Part of the problem with this pain is that I cannot exercise. Even walking is somewhat difficult, stairs much harder. Last night, with a little time off and with the rest of the crew doing their own thing (and probably not wanting to drag along the dead weight I represent right now), I walked through the Old City to the Western Wall. The Old City itself is beautiful, amazing, and frightening. It would be easy to get lost. It was, however, very clean; and I was surprised to find that it is still "just" a city - it is not government property, but mostly private and people live, shop, and go to school and work there just like anywhere else. It must be amazing for these privileged few to be able to settle in at night in a 500 year old (or 5000, I don't know) within pissing distance of the world's holiest of sites and relax to a nice evening of Seinfeld on the tube. Bizarre.

I should have expected to find the Western Wall more easily than I did, though I enjoyed meandering through the Christian and Armenian quarters as I wandered slowly downhill. It took me a while to cotton to the fact that I should just follow the orthodox jews that mostly seemed to be progressing in one direction. This was just after sunset, but not quite night, and so more and more people were streaming downwards toward one area. I began to hear fireworks and the sound of a large, jubilant crowd of people. Finally, I came around a corner, down some steps, past a very large Menorah (built and readied for the Third Temple whenever that happens) and beheld the Western Wall plaza - filled from corner to corner with a mass of Israelis celebrating the Sabbath. Towards the Western Wall itself, crowds of young girls and soldiers gave way to a black crush of uniformly dressed orthodox jews, many of them rabbis, no doubt. Here and there a more adventurous young man was pressed in among the black coats to pray at the wall.

Studying the situation, it became clear that there was a section of the Wall reserved for women and that among the men's section, most of it was for the more consistently faithful. However, there were parts where layfolk came and went on a circulating basis, to leave their prayers and give thanks to God.

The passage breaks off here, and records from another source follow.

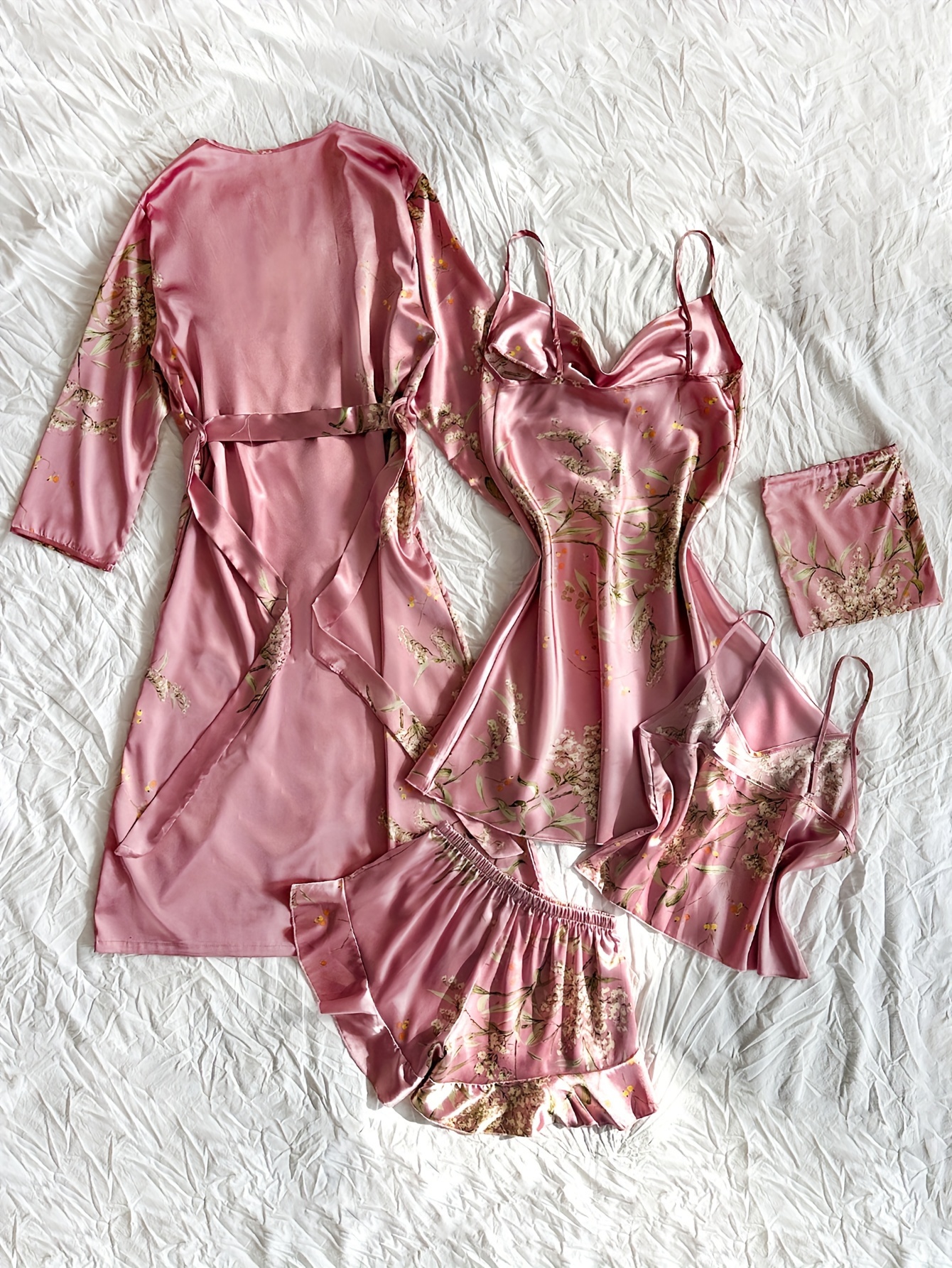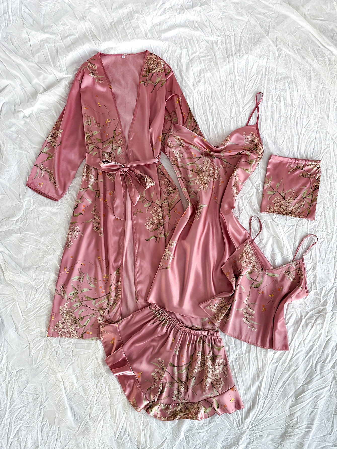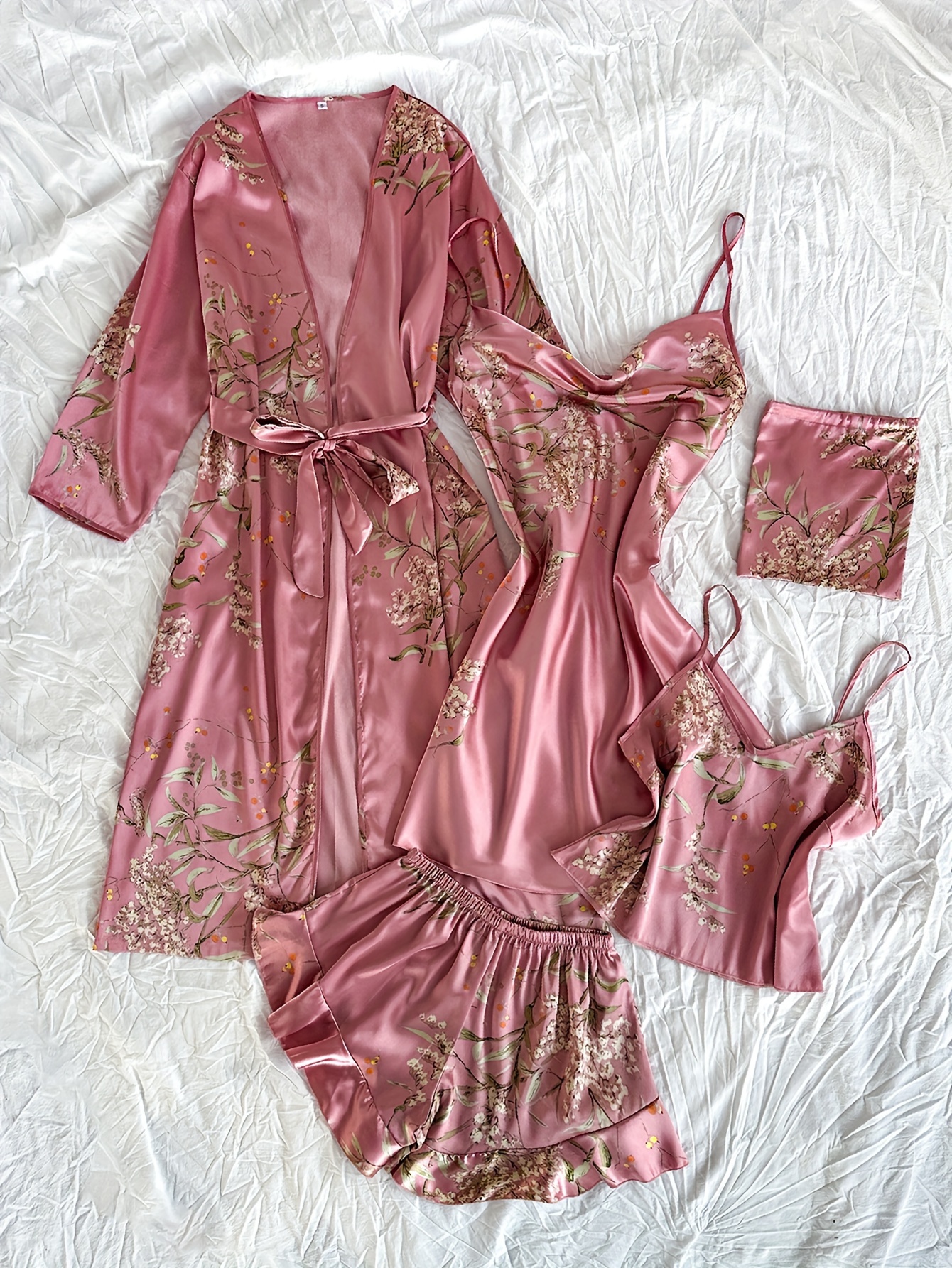 Ensemble de 5 pièces de nuit pour femmes – Kimono avec robe, pyjama assorti, lavable en machine, robe de nuit pour toutes saisons, système non-pyjama
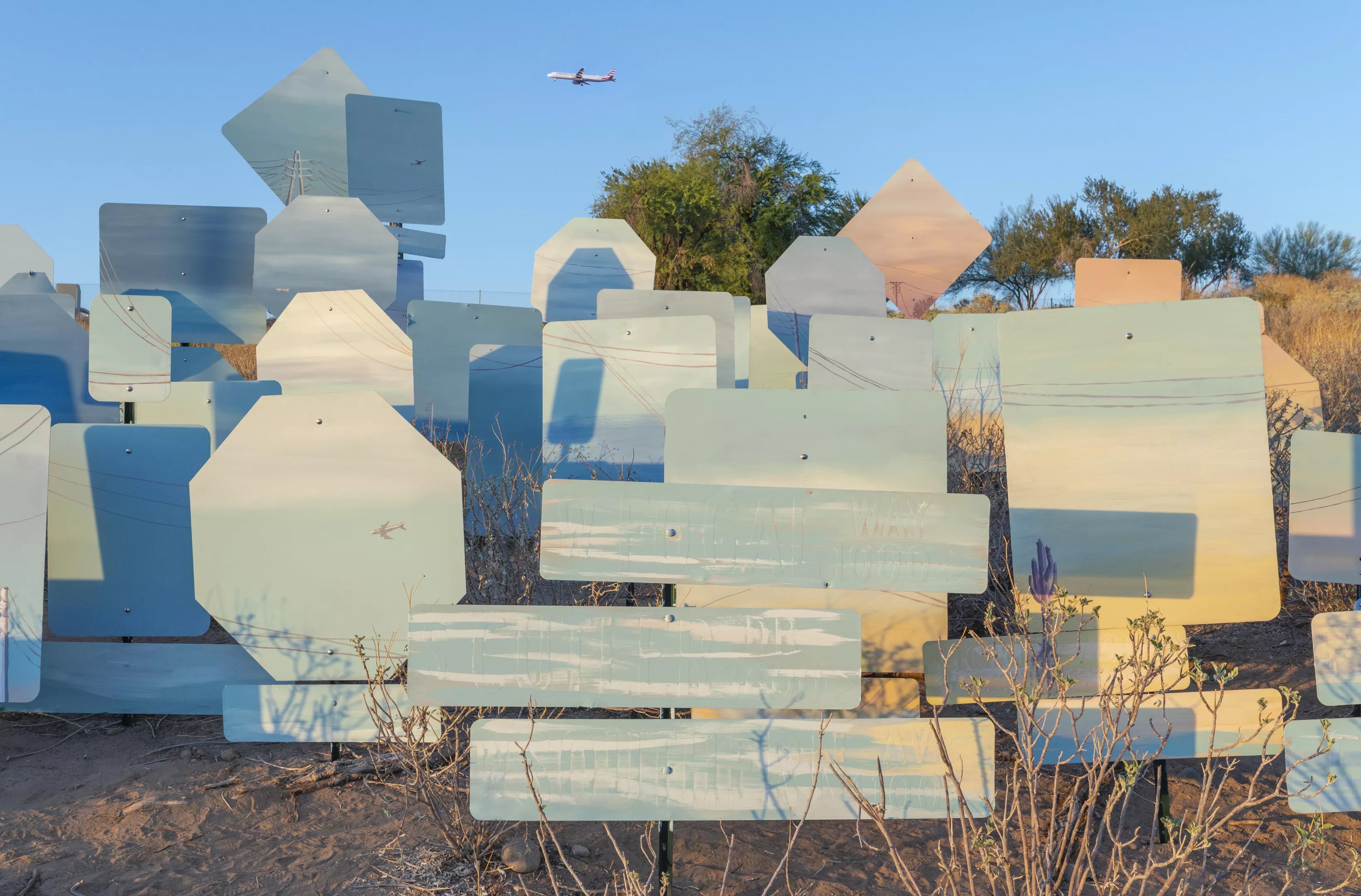 In the fall, Best painted the back of each sign with colors pulled from desert skies, then added palm trees, airplanes, and other elements of the Tempe Town Lake landscape. She’d stack them up along the block wall of her backyard as she finished them, waiting until it was time to install them in November.
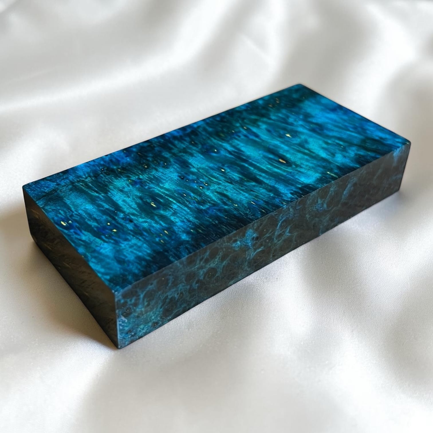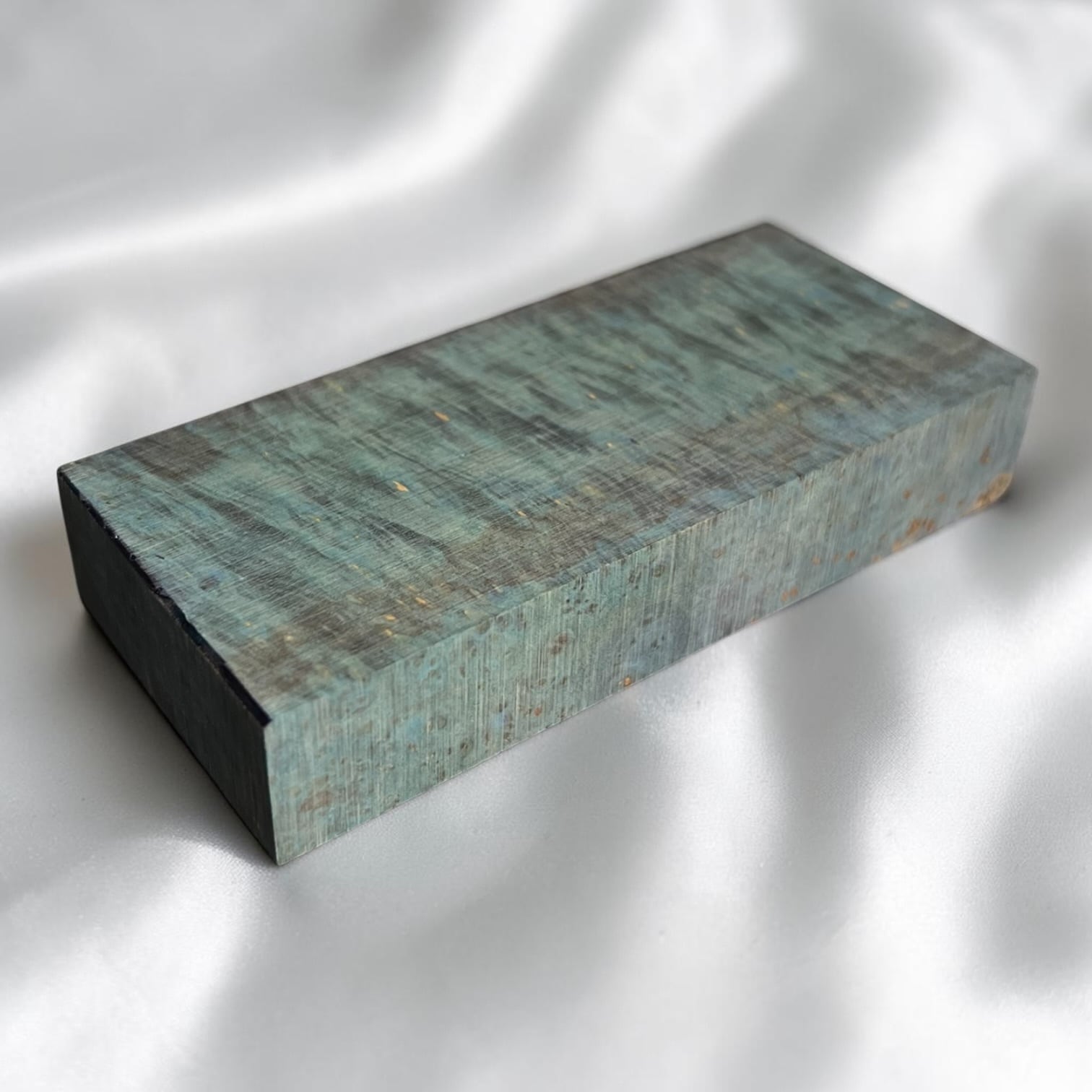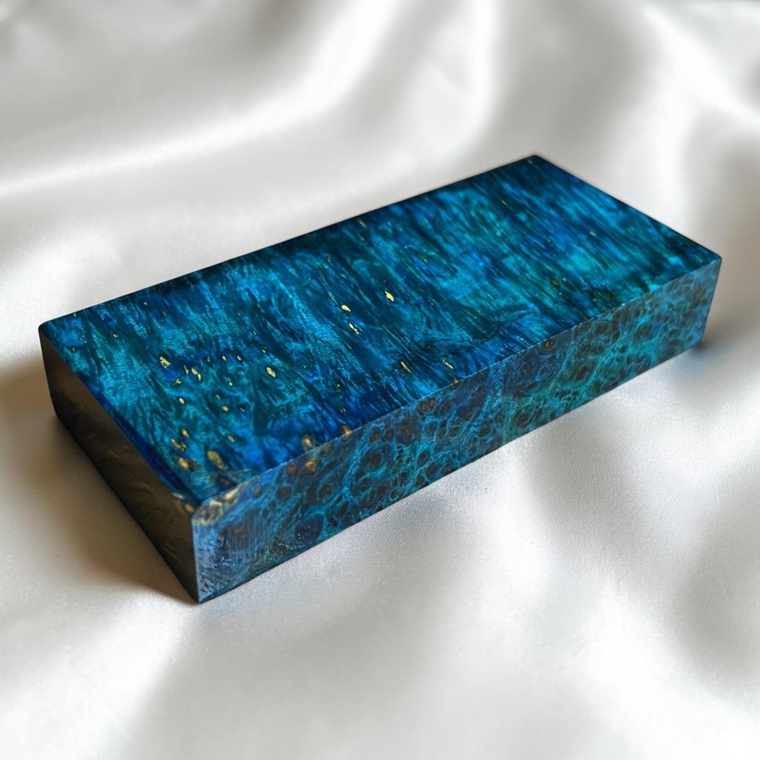 また、樹脂に着色をする事で、木材内部の密度の違いや含水率の違いにより浸透する箇所と浸透しない箇所が現れ、鮮やかで複雑な模様となります。その鮮やかさや強度からナイフハンドルやペンブランクなどに、よく使用されます。

I had my own prayers to leave. I'd written them on some paper in the hotel. I came down the last steps toward the guarded entrance to the plaza, where there are metal detectors. I found this somewhat odd, as easily half of the soldiers in the plaza and even some civilians were carrying rifles - nasty-looking modern weapons of war that mean business and convey the message that modern Judaism isn't going to take shit from everybody else anymore.

Entering through security, I was challenged by one of the guards. "Where are you from?" This was not a friendly query. "Brooklyn" I answered. It seemed to pass his test. Perhaps non-Jews are not allowed in the area? I didn't see anybody identifiably non-Jewish, though there were a few, like me, who were not well-equipped with their yarmulkes.

But this I could remedy - and must before approaching the Western Wall. They have cardboard yarmulkes ready, which I availed myself of, then entered the crush near the Wall.

I am unprepared, given my poor Jewish education, to say the proper prayers. Maybe that is not critical. I slowly moved through the crowed and when the opportunity came to touch the Wall, I did so, said a prayer the best I knew how, left my paper in the wall, and left.

The Sabbath really is a special time in Israel and especially Jerusalem. Best not to mess with it. I hope the presence of so many old men can whatever necessary mojo is needed to boost my written prayers to the ears of God. And no, none of them were for myself.